— RAW DATA —
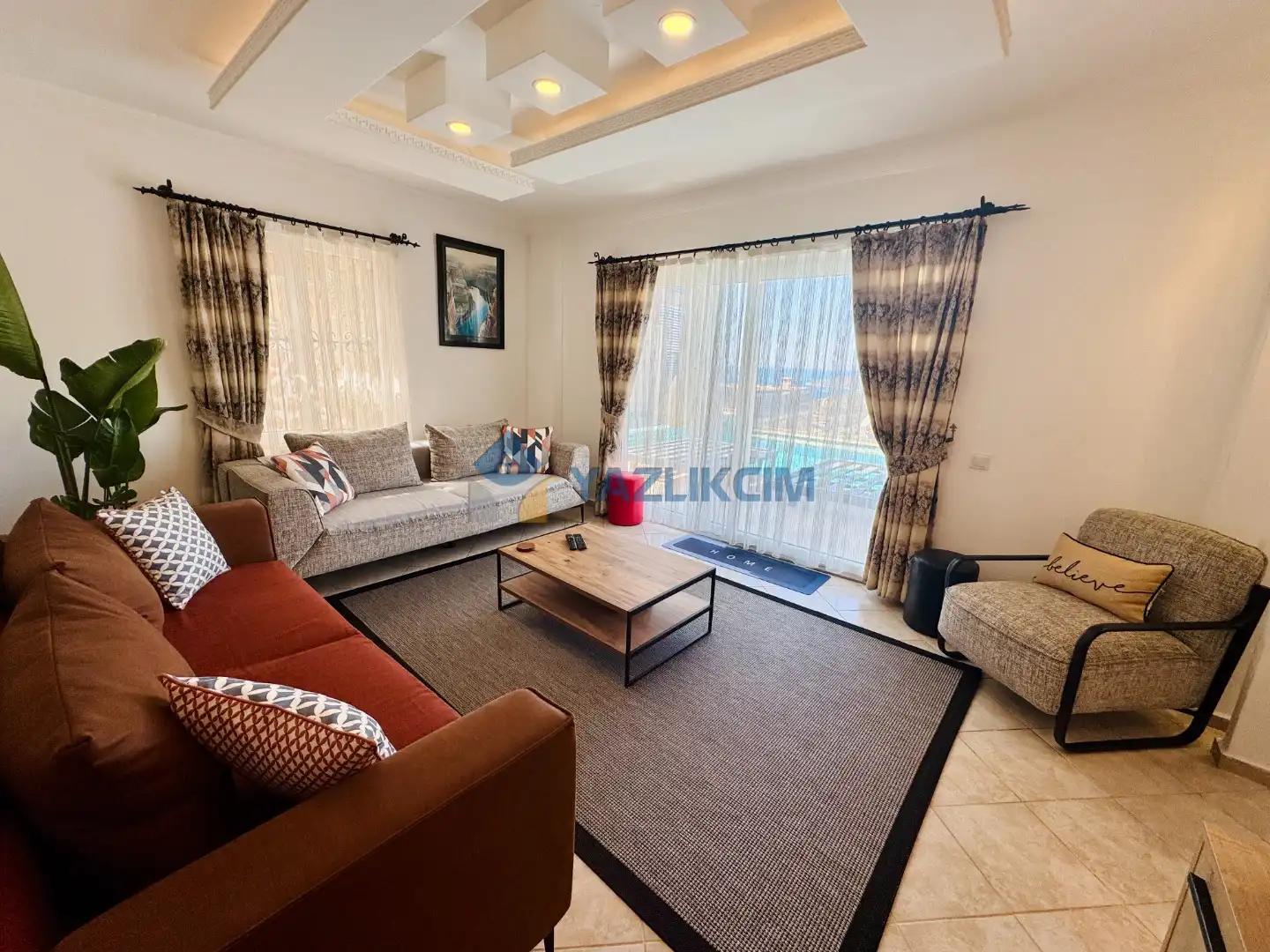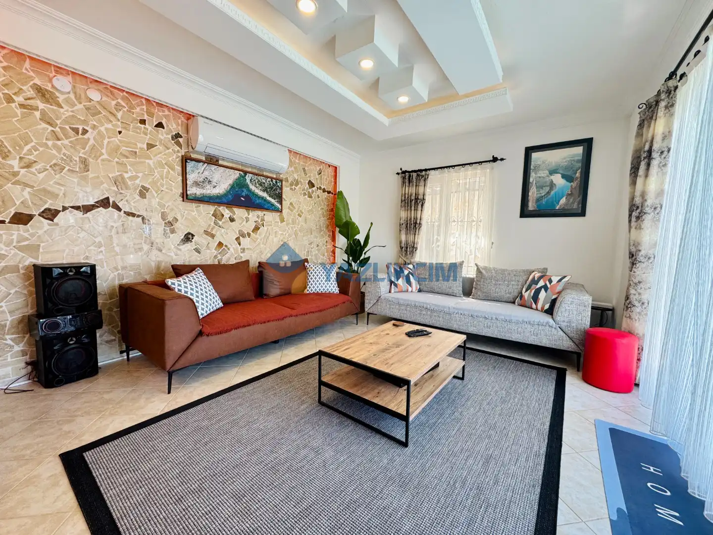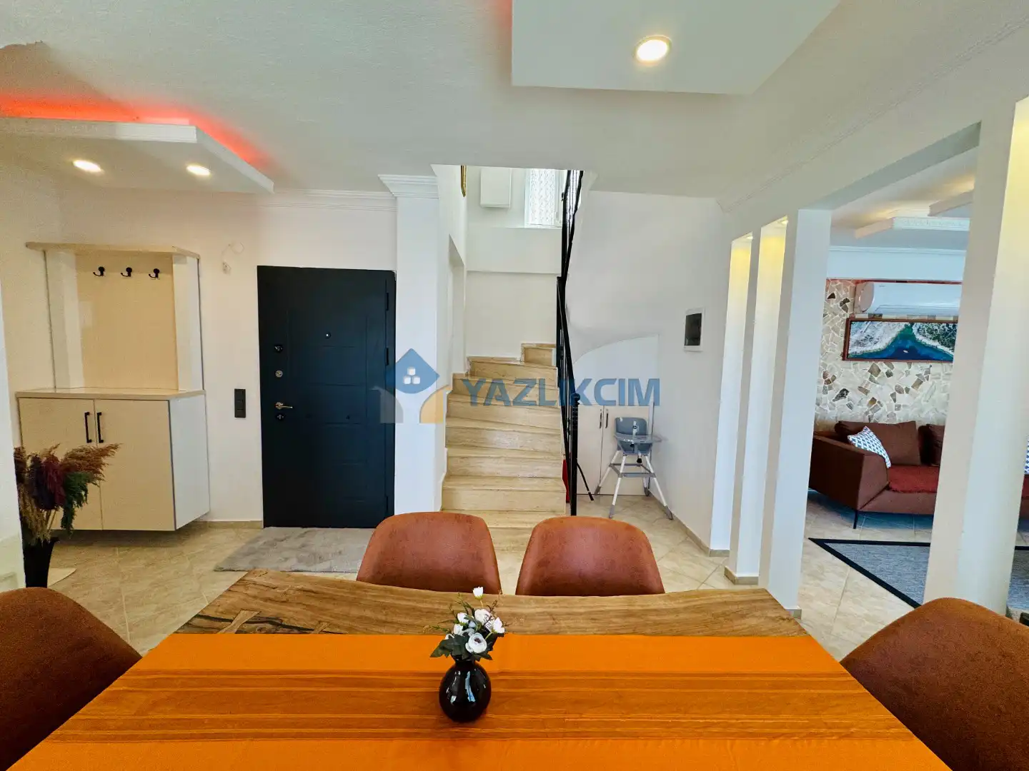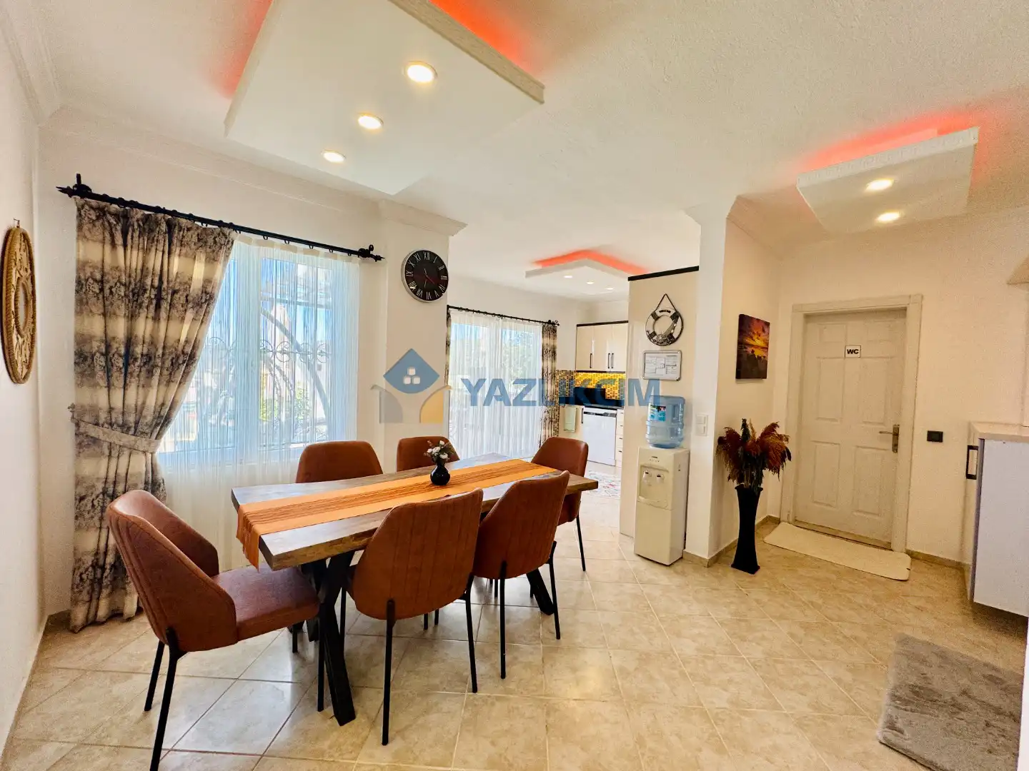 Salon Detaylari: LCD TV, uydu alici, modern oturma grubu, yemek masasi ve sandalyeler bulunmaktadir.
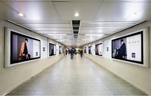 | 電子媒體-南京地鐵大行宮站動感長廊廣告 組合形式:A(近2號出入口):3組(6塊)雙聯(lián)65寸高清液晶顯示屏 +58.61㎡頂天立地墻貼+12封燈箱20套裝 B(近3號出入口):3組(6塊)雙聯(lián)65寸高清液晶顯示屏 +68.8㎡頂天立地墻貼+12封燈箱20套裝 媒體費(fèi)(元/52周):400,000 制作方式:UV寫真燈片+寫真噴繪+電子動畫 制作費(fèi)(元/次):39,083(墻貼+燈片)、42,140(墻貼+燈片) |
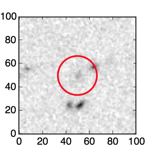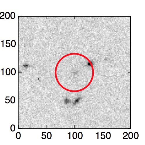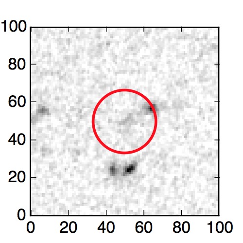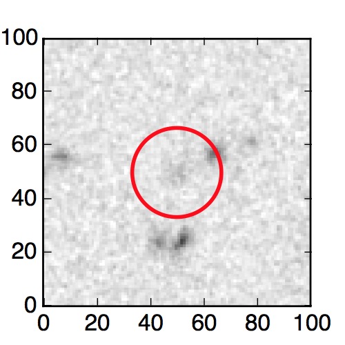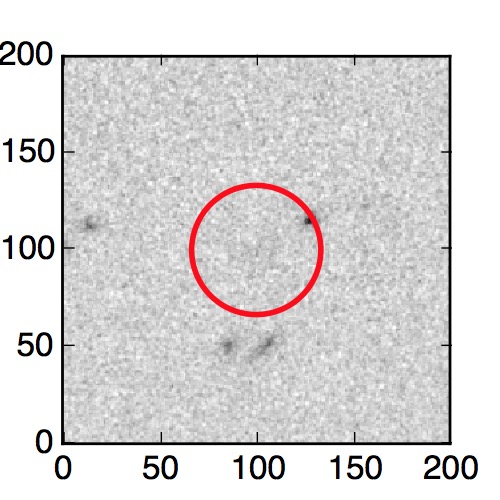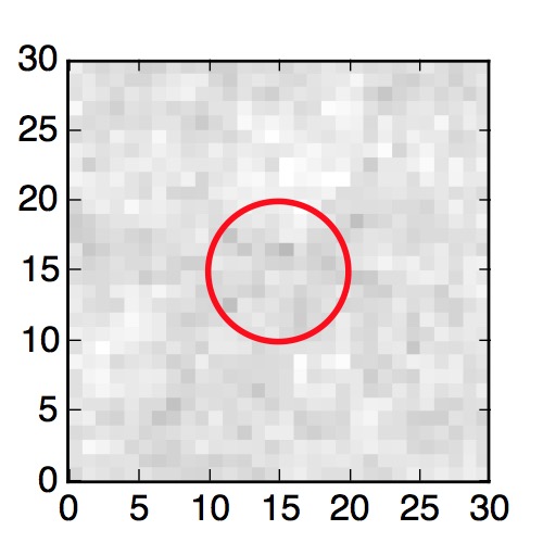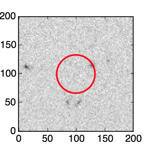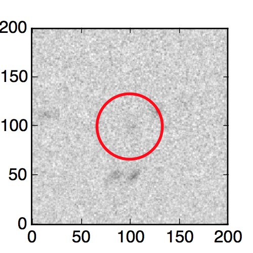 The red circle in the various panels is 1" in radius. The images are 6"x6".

— WORK TO COMPLETE —
What this calls for is the material above set down exactly, pictures excluded.

— SOLUTION BELOW —
 Salon Detaylari: LCD TV, uydu alici, modern oturma grubu, yemek masasi ve sandalyeler bulunmaktadir.
 | 電子媒體-南京地鐵大行宮站動感長廊廣告 組合形式:A(近2號出入口):3組(6塊)雙聯(lián)65寸高清液晶顯示屏 +58.61㎡頂天立地墻貼+12封燈箱20套裝 B(近3號出入口):3組(6塊)雙聯(lián)65寸高清液晶顯示屏 +68.8㎡頂天立地墻貼+12封燈箱20套裝 媒體費(fèi)(元/52周):400,000 制作方式:UV寫真燈片+寫真噴繪+電子動畫 制作費(fèi)(元/次):39,083(墻貼+燈片)、42,140(墻貼+燈片) |
 The red circle in the various panels is 1" in radius. The images are 6"x6".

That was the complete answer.